*RECORDS*.
§ §

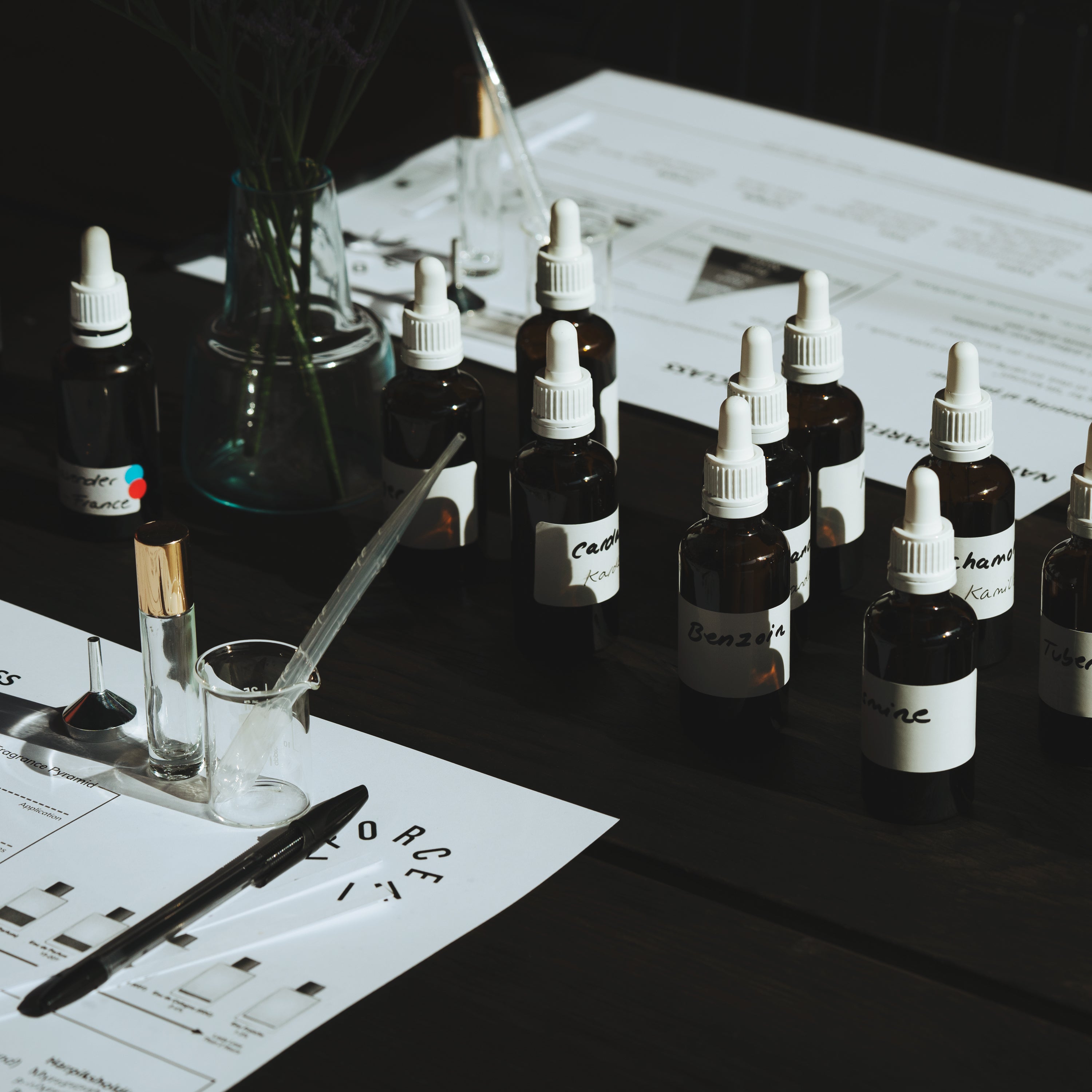 Step one begins with sensory immersion. You'll be blindfolded, heightening your olfactory senses as you explore a curated selection of exquisite all-natural premium ingredients. As you inhale each scent, we'll engage in a dialogue, uncovering the essence of your scented memories and what you seek in your signature scent.
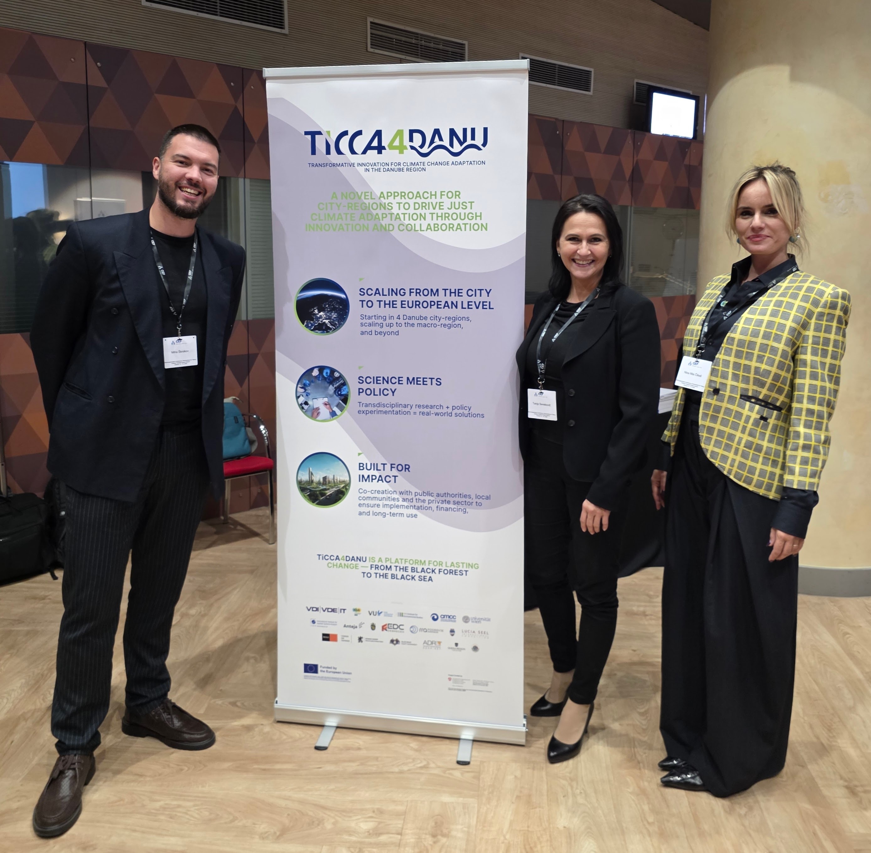 Skupaj z nami sta se konference udeležila še dva predstavnika partnerjev v projektu TiCCA4Danu, Nina Mia Čikeš, ICLEI, ter Miha Škrokov, ANTEJA ECG svetovanje. V okviru drugega dne konference smo predstavili projekt TiCCA4Danu kot primer dobre prakse na področju soočanja s prilagajanjem na podnebne spremembe. V okviru prvega dne pa je Nina Mia Čikeš sodelovala tudi na okrogli mizi pod naslovom »Politike za ukrepe: usklajevanje prizadevanj javnih deležnikov«, v okviru katere je bilo poudarjeno, kako strategije pretvarjamo v konkretne rešitve: lokalne zelene pogodbe, dialogi med mesti in industrijo ter mentorstveni programi v kontekstu mestnih regij.
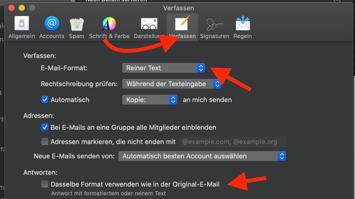 - Überprüfe doch mal Deine Einstellungen für "Mail > Verfassen". Ich habe dort "Email Format > Reiner Text" ausgewählt, weil ich es selbst nicht mag, wenn mir jemand formatierten Text schickt und ich dann viel Arbeit habe, die Schriftgrösse und den Stil so zu ändern, dass ich es lesen kann. Wenn "Reiner Text" eingestellt ist, wird beim Verfassen einer neuen Mail die Formatierungsleiste nicht unbedingt eingeblendet.
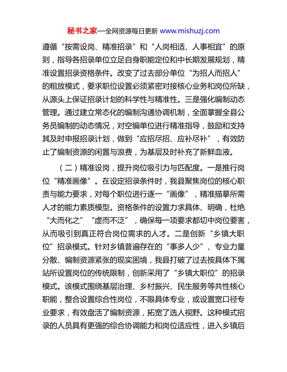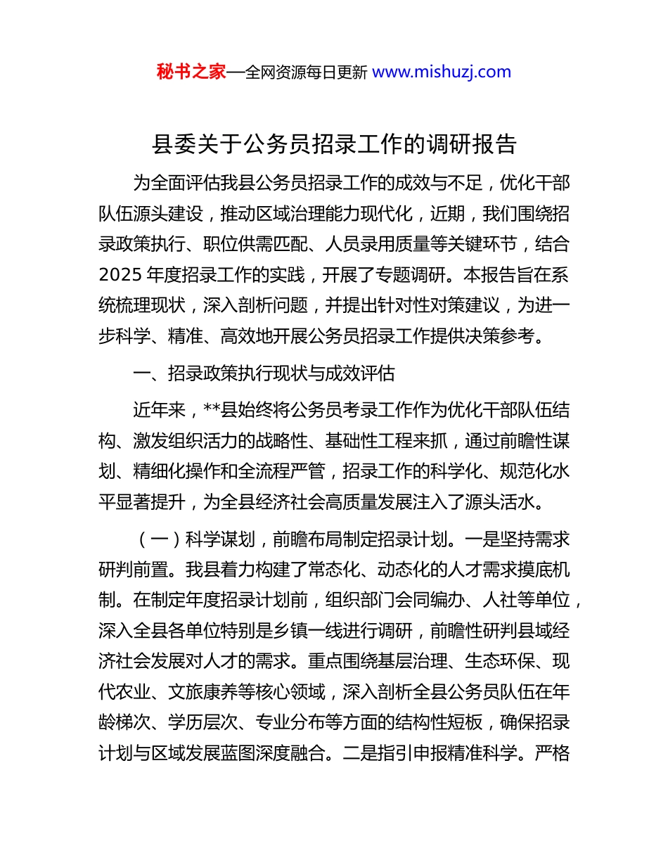 秘书之家—全网资源每日更新 www.mishuzj.com县委关于公务员招录工作的调研报告为全面评估我县公务员招录工作的成效与不足,优化干部队伍源头建设,推动区域治理能力现代化,近期,我们围绕招录政策执行、职位供需匹配、人员录用质量等关键环节,结合2025 年度招录工作的实践,开展了专题调研。本报告旨在系统梳理现状,深入剖析问题,并提出针对性对策建议,为进一步科学、精准、高效地开展公务员招录工作提供决策参考。一、招录政策执行现状与成效评估近年来,**县始终将公务员考录工作作为优化干部队伍结构、激发组织活力的战略性、基础性工程来抓,通过前瞻性谋划、精细化操作和全流程严管,招录工作的科学化、规范化水平显著提升,为全县经济社会高质量发展注入了源头活水。(一)科学谋划,前瞻布局制定招录计划。一是坚持需求研判前置。我县着力构建了常态化、动态化的人才需求摸底机制。在制定年度招录计划前,组织部门会同编办、人社等单位,深入全县各单位特别是乡镇一线进行调研,前瞻性研判县域经济社会发展对人才的需求。重点围绕基层治理、生态环保、现代农业、文旅康养等核心领域,深入剖析全县公务员队伍在年龄梯次、学历层次、专业分布等方面的结构性短板,确保招录计划与区域发展蓝图深度融合。二是指引申报精准科学。严格秘书之家—全网资源每日更新 www.mishuzj.com遵循“按需设岗、精准招录”和“人岗相适、人事相宜”的原则,指导各招录单位立足自身职能定位和中长期发展规划,精准设置招录资格条件。改变了过去部分单位“为招人而招人”的粗放模式,要求职位设置必须紧密对接核心业务和岗位所缺,从源头上保证招录计划的科学性与精准性。三是强化编制动态管理。通过建立常态化的编制沟通协调机制,全面掌握全县公务员编制的动态情况,对空编单位进行精准指导,鼓励和支持其及时申报招录计划,做到“应招尽招、应补尽补”,有效防止了编制资源的闲置与浪费,为基层及时补充了新鲜血液。(二)精准设岗,提升岗位吸引力与匹配度。一是推行岗位“精准画像”。在设定招录条件时,我县聚焦岗位的核心职责与能力要求,对每个职位进行逐一“画像”,精准描摹所需人才的能力素质模型。资格条件的设置力求具体、明确,杜绝“大而化之”“虚而不泛”,确保每一项要求都切中岗位要害,从而吸引到真正符合岗位需求的人才。二是创新“乡镇大职位”招录模式。针对乡镇普遍存在的“事多人少”、专业力量分散、编制资源紧张的现实困境,我县打破了过去按具体下属站所设置岗位的传统限制,创新采用了“乡镇大职位”的招录模式。该模式围绕基层治理、乡村振兴、民生服务等共性核心职能,整合设置综合性岗位,不限具体专业,或设置宽口径专业要求,有效盘活了编制资源,拓宽了选人视野。这种模式招录的人员具有更强的综合协调能力和岗位适应性,进入乡镇后秘书之家—全网资源每日更新 www.mishuzj.com能够更快地融入多岗位工作。三是建立适配度评估反馈机制。为形成招录工作的闭环管理,我县健全了岗位适配度评估纪实机制。通过持续跟踪新录用公务员试用期的表现,结合其年度考核、群众评议和个人述职,综合评估其履职成效与人岗匹配度。评估结果不仅作为个人转正定级的重要依据,更作为关键数据反哺下一年度的招录工作,为优化招录计划和调整岗位设置提供了科学、客观的数据支撑。(三)严格程序,确保招录公平与人员质量。一是严守资格审查关口。在资格审查阶段,我县始终坚持“一把尺子量到底”,严格对标政策规定。审查小组实行“组工骨干+业务专干”的配置模式,并采用“双人交叉审核+组长复核”的工作机制,对报考者的学历、专业、工作经历等关键信息进行逐项核对。对存在疑点的材料,坚持追溯源头,确保报考资格的真实性、合规性,从入口处筑牢“防火墙”。二是深化录用考察维度。在考察环节,我县构建了“政治素质+现实表现+综合风险”的三维考察体系。考察组由经验丰富的科级领导干部带队,深入考察对象所在单位、学校、社区,通过查阅档案、个别谈话、实地走访等多种方式,全面了解其政治立场、道德品行、履职能力和工作实绩。同时,积极运用信息化手段,联动核...
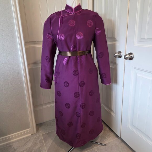 Traditional Costume Mongolian Robe Style Stand Collar Ethnic Clothing Asia. Made with Silk and Polyester blend. I personally purchased this dress in Ulaanbaatar, Mongolia summer 2025. Notice the beautiful knots they use as fasteners (buttons) on the dress. You can use any scarf, ribbon, fabric to tie this dress at the waist. I just added this brown ribbon. In the picture you'll notice this is a single layer of fabric; it doesn't get hot. I only wore this once. It is beautiful. Mannequin is a size 10 and there is plenty of room to scrunch up the fabric for shaping at the waist. Mannequin's shoulders are 53 inches from the ground.
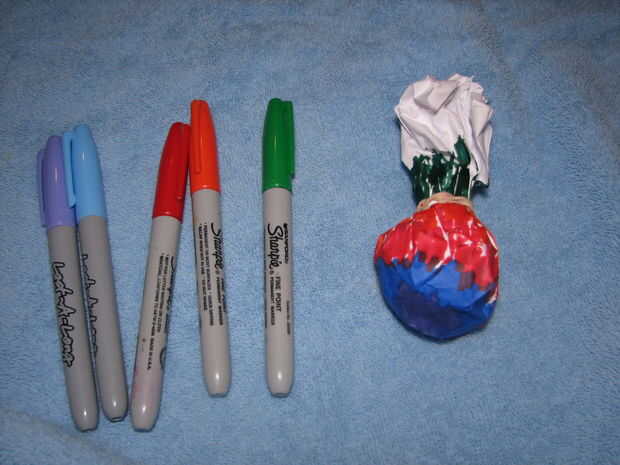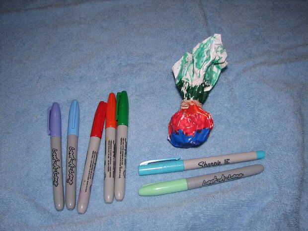 Inicio en la parte inferior de la punta, dibujar una forma en un color (duh). Para las hojas estoy mostrando en el Instructable acababa de usar un patrón de círculo pero se pueden hacer formas (no esperes claridad en producto final pero cambia el patrón final) o usted podría incluso fuera de juego el centro a un lado (se ve cool el final también)
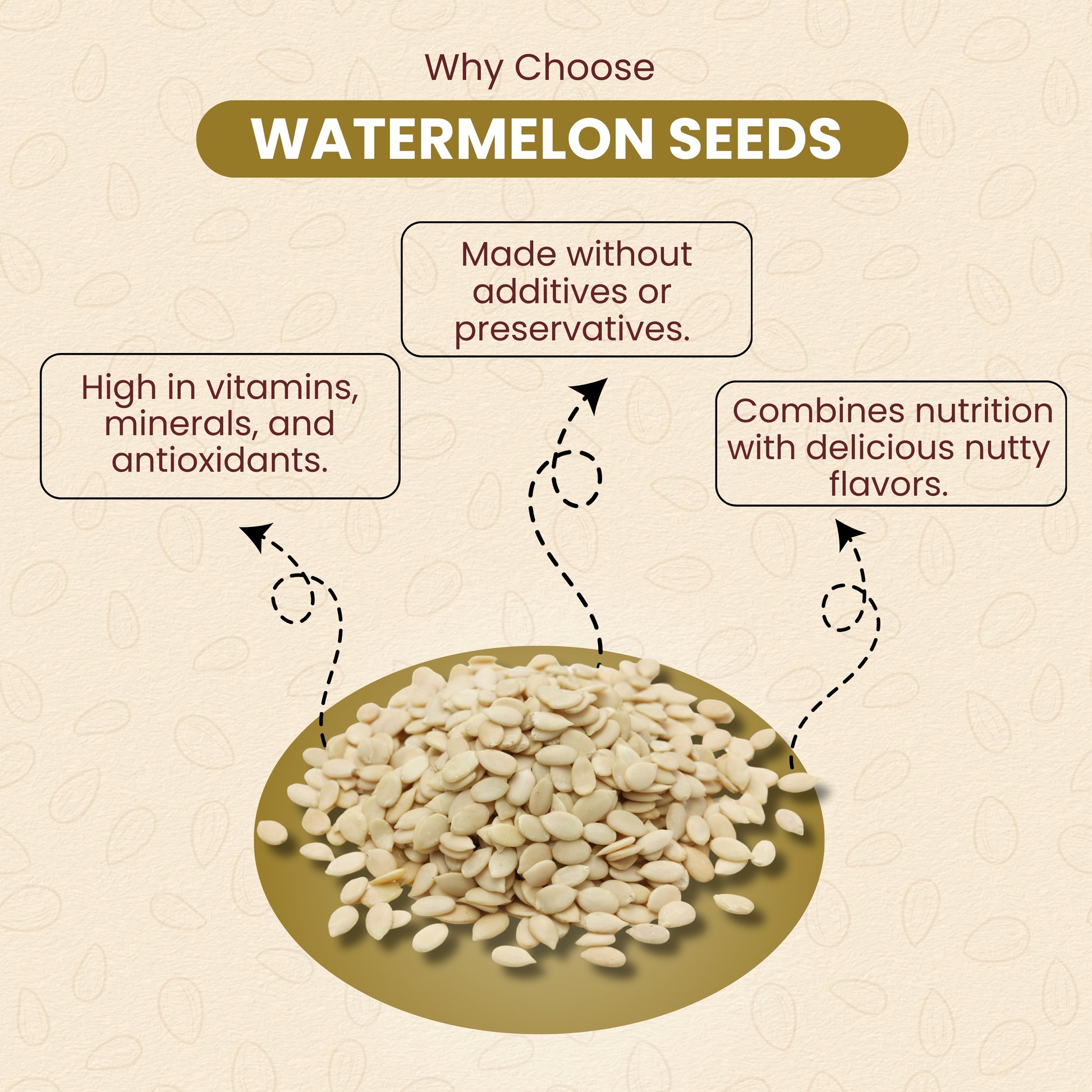 Watermelon Seeds are nutrient-dense super seeds, packed with vitamins, minerals, and antioxidants. These seeds are often overlooked but are a powerhouse of health benefits. With a nutty texture and crunchy taste, they can be consumed as a snack or used as a topping for your favorite dishes. Watermelon seeds are versatile, making them perfect for sprinkling over breakfast, soups, salads, or even grinding into a fine powder to add to various recipes.
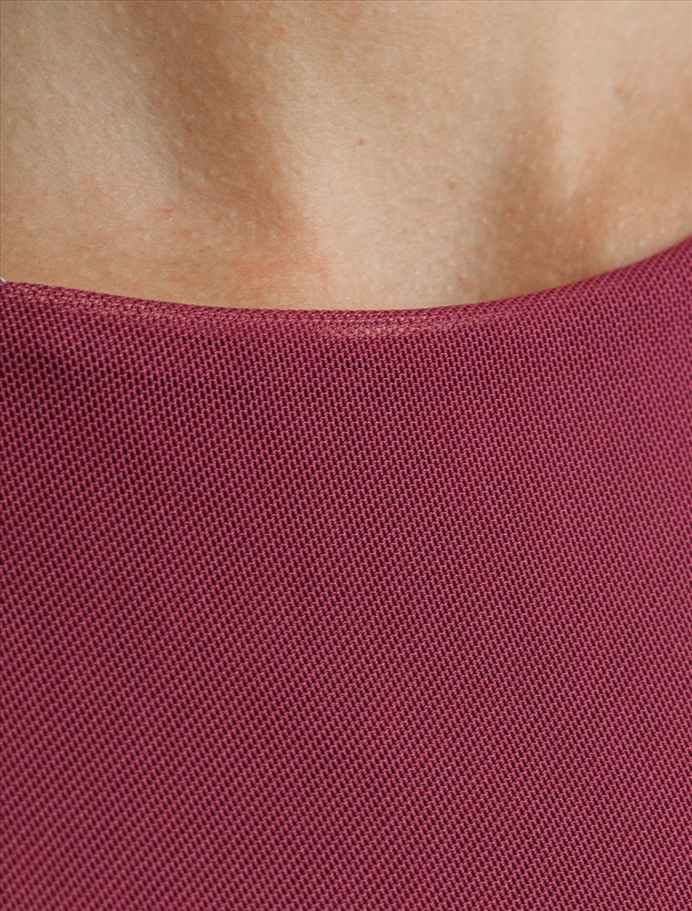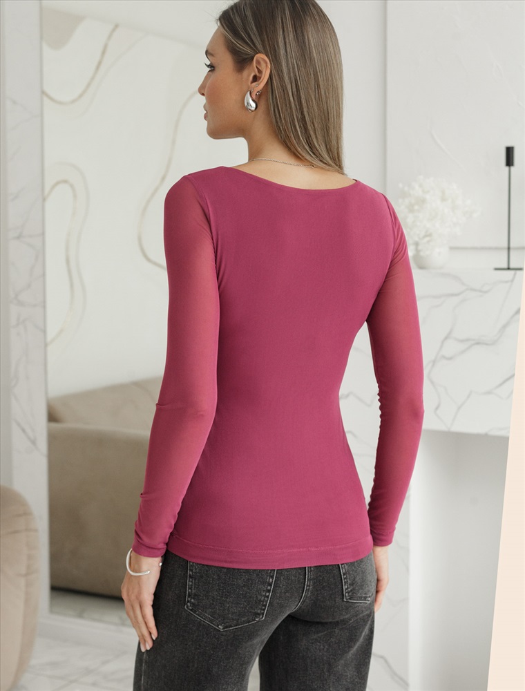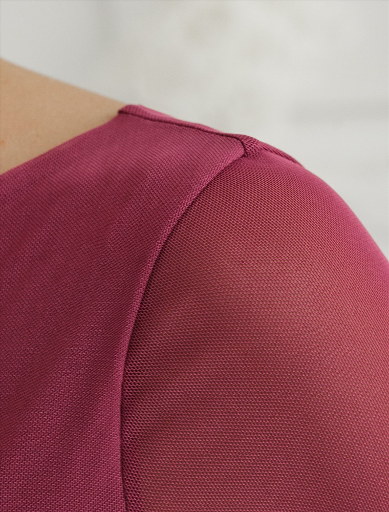 Джемпер с вырезом лодочкой и прозрачными рукавами создает женственный и элегантный образ. Тело джемпера лилового цвета выполнено из плотного вискозного трикотажа, обеспечивающего комфорт, в то время как рукава из тонкой сетки создают стильный контраст. Глубокий вырез лодочка подчеркивает линию плеч и создает элегантный силуэт. Идеальный выбор для стильных образов!

§ §

Set down every record once more, word for word, without pictures.

*EXERCISE OUTPUT*.
 Step one begins with sensory immersion. You'll be blindfolded, heightening your olfactory senses as you explore a curated selection of exquisite all-natural premium ingredients. As you inhale each scent, we'll engage in a dialogue, uncovering the essence of your scented memories and what you seek in your signature scent.
 Skupaj z nami sta se konference udeležila še dva predstavnika partnerjev v projektu TiCCA4Danu, Nina Mia Čikeš, ICLEI, ter Miha Škrokov, ANTEJA ECG svetovanje. V okviru drugega dne konference smo predstavili projekt TiCCA4Danu kot primer dobre prakse na področju soočanja s prilagajanjem na podnebne spremembe. V okviru prvega dne pa je Nina Mia Čikeš sodelovala tudi na okrogli mizi pod naslovom »Politike za ukrepe: usklajevanje prizadevanj javnih deležnikov«, v okviru katere je bilo poudarjeno, kako strategije pretvarjamo v konkretne rešitve: lokalne zelene pogodbe, dialogi med mesti in industrijo ter mentorstveni programi v kontekstu mestnih regij.
 - Überprüfe doch mal Deine Einstellungen für "Mail > Verfassen". Ich habe dort "Email Format > Reiner Text" ausgewählt, weil ich es selbst nicht mag, wenn mir jemand formatierten Text schickt und ich dann viel Arbeit habe, die Schriftgrösse und den Stil so zu ändern, dass ich es lesen kann. Wenn "Reiner Text" eingestellt ist, wird beim Verfassen einer neuen Mail die Formatierungsleiste nicht unbedingt eingeblendet.
 秘书之家—全网资源每日更新 www.mishuzj.com县委关于公务员招录工作的调研报告为全面评估我县公务员招录工作的成效与不足,优化干部队伍源头建设,推动区域治理能力现代化,近期,我们围绕招录政策执行、职位供需匹配、人员录用质量等关键环节,结合2025 年度招录工作的实践,开展了专题调研。本报告旨在系统梳理现状,深入剖析问题,并提出针对性对策建议,为进一步科学、精准、高效地开展公务员招录工作提供决策参考。一、招录政策执行现状与成效评估近年来,**县始终将公务员考录工作作为优化干部队伍结构、激发组织活力的战略性、基础性工程来抓,通过前瞻性谋划、精细化操作和全流程严管,招录工作的科学化、规范化水平显著提升,为全县经济社会高质量发展注入了源头活水。(一)科学谋划,前瞻布局制定招录计划。一是坚持需求研判前置。我县着力构建了常态化、动态化的人才需求摸底机制。在制定年度招录计划前,组织部门会同编办、人社等单位,深入全县各单位特别是乡镇一线进行调研,前瞻性研判县域经济社会发展对人才的需求。重点围绕基层治理、生态环保、现代农业、文旅康养等核心领域,深入剖析全县公务员队伍在年龄梯次、学历层次、专业分布等方面的结构性短板,确保招录计划与区域发展蓝图深度融合。二是指引申报精准科学。严格秘书之家—全网资源每日更新 www.mishuzj.com遵循“按需设岗、精准招录”和“人岗相适、人事相宜”的原则,指导各招录单位立足自身职能定位和中长期发展规划,精准设置招录资格条件。改变了过去部分单位“为招人而招人”的粗放模式,要求职位设置必须紧密对接核心业务和岗位所缺,从源头上保证招录计划的科学性与精准性。三是强化编制动态管理。通过建立常态化的编制沟通协调机制,全面掌握全县公务员编制的动态情况,对空编单位进行精准指导,鼓励和支持其及时申报招录计划,做到“应招尽招、应补尽补”,有效防止了编制资源的闲置与浪费,为基层及时补充了新鲜血液。(二)精准设岗,提升岗位吸引力与匹配度。一是推行岗位“精准画像”。在设定招录条件时,我县聚焦岗位的核心职责与能力要求,对每个职位进行逐一“画像”,精准描摹所需人才的能力素质模型。资格条件的设置力求具体、明确,杜绝“大而化之”“虚而不泛”,确保每一项要求都切中岗位要害,从而吸引到真正符合岗位需求的人才。二是创新“乡镇大职位”招录模式。针对乡镇普遍存在的“事多人少”、专业力量分散、编制资源紧张的现实困境,我县打破了过去按具体下属站所设置岗位的传统限制,创新采用了“乡镇大职位”的招录模式。该模式围绕基层治理、乡村振兴、民生服务等共性核心职能,整合设置综合性岗位,不限具体专业,或设置宽口径专业要求,有效盘活了编制资源,拓宽了选人视野。这种模式招录的人员具有更强的综合协调能力和岗位适应性,进入乡镇后秘书之家—全网资源每日更新 www.mishuzj.com能够更快地融入多岗位工作。三是建立适配度评估反馈机制。为形成招录工作的闭环管理,我县健全了岗位适配度评估纪实机制。通过持续跟踪新录用公务员试用期的表现,结合其年度考核、群众评议和个人述职,综合评估其履职成效与人岗匹配度。评估结果不仅作为个人转正定级的重要依据,更作为关键数据反哺下一年度的招录工作,为优化招录计划和调整岗位设置提供了科学、客观的数据支撑。(三)严格程序,确保招录公平与人员质量。一是严守资格审查关口。在资格审查阶段,我县始终坚持“一把尺子量到底”,严格对标政策规定。审查小组实行“组工骨干+业务专干”的配置模式,并采用“双人交叉审核+组长复核”的工作机制,对报考者的学历、专业、工作经历等关键信息进行逐项核对。对存在疑点的材料,坚持追溯源头,确保报考资格的真实性、合规性,从入口处筑牢“防火墙”。二是深化录用考察维度。在考察环节,我县构建了“政治素质+现实表现+综合风险”的三维考察体系。考察组由经验丰富的科级领导干部带队,深入考察对象所在单位、学校、社区,通过查阅档案、个别谈话、实地走访等多种方式,全面了解其政治立场、道德品行、履职能力和工作实绩。同时,积极运用信息化手段,联动核...
 Traditional Costume Mongolian Robe Style Stand Collar Ethnic Clothing Asia. Made with Silk and Polyester blend. I personally purchased this dress in Ulaanbaatar, Mongolia summer 2025. Notice the beautiful knots they use as fasteners (buttons) on the dress. You can use any scarf, ribbon, fabric to tie this dress at the waist. I just added this brown ribbon. In the picture you'll notice this is a single layer of fabric; it doesn't get hot. I only wore this once. It is beautiful. Mannequin is a size 10 and there is plenty of room to scrunch up the fabric for shaping at the waist. Mannequin's shoulders are 53 inches from the ground.
 Inicio en la parte inferior de la punta, dibujar una forma en un color (duh). Para las hojas estoy mostrando en el Instructable acababa de usar un patrón de círculo pero se pueden hacer formas (no esperes claridad en producto final pero cambia el patrón final) o usted podría incluso fuera de juego el centro a un lado (se ve cool el final también)
 Watermelon Seeds are nutrient-dense super seeds, packed with vitamins, minerals, and antioxidants. These seeds are often overlooked but are a powerhouse of health benefits. With a nutty texture and crunchy taste, they can be consumed as a snack or used as a topping for your favorite dishes. Watermelon seeds are versatile, making them perfect for sprinkling over breakfast, soups, salads, or even grinding into a fine powder to add to various recipes.
 Джемпер с вырезом лодочкой и прозрачными рукавами создает женственный и элегантный образ. Тело джемпера лилового цвета выполнено из плотного вискозного трикотажа, обеспечивающего комфорт, в то время как рукава из тонкой сетки создают стильный контраст. Глубокий вырез лодочка подчеркивает линию плеч и создает элегантный силуэт. Идеальный выбор для стильных образов!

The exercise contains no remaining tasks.